- Born: 1945 (age 80–81) United States
- Education: B.A. Emory University; Ph.D. University of California, San Diego
- Occupation: neuroscientist
- Organization: SRI International
- Known for: Alzheimer's Disease research, neurodegenerative disorders
- Spouse: Mimi Rogers
- Children: 3

= Joseph Rogers (neuroscientist) =

Joseph Rogers is an American neuroscientist known for his contributions to the research of Alzheimer's disease and other neurodegenerative disorders.

== Biography ==
He received a B.A. from Emory University, a Ph.D. from the University of California, San Diego, and completed a postdoctoral fellowship at the Salk Institute, later serving there as a staff scientist. He has also held posts at University of Massachusetts Medical School and as a principal investigator in New England's Alzheimer's Disease Center at Harvard University.

== Research ==
The role of inflammation in Alzheimer's disease and other neurodegenerative disorders has been a main focus of his work. Contributions include "Inflammation and Alzheimer's Disease Pathogenesis" in Neurobiology of Aging, "Inflammation, Anti-inflammatory Agents, and Alzheimer’s Disease: The Last 22 Years" co-authored with Pat McGeer and Edith McGeer, and as an editor of scholarly publications.

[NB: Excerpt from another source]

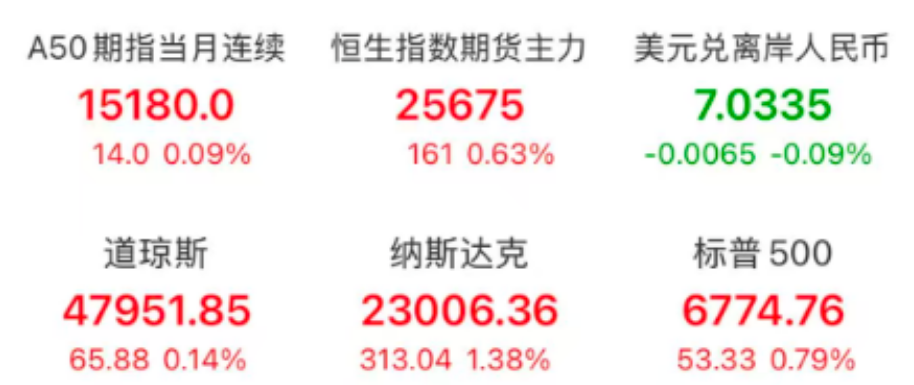 美股三大指数集体收涨,大型科技股普涨,存储概念、半导体设备与材料涨幅居前,美光科技涨超10%,SanDisk涨超6%,西部数据涨超5%。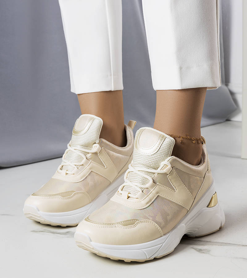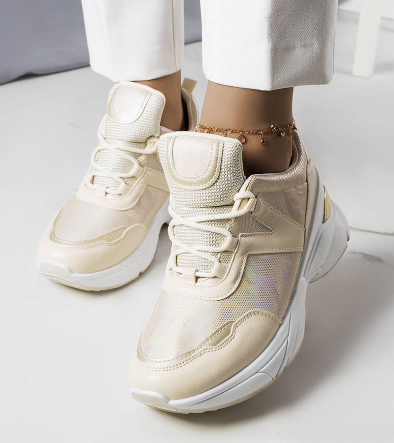 Smėlio spalvos sportiniai bateliai su metaliniais intarpais Ruais

== Other professional activities ==
Rogers founded Sun Health Research Institute in 1986 near Phoenix, AZ, and served as its President and Senior Scientist until Banner Health's acquisition of the institute in 2008. He later served as Executive Director of Health Sciences in SRI International's Biosciences Division from 2012 to 2020.

== Honors ==
Rogers received a Lifetime Achievement Award from the national Alzheimer's Association.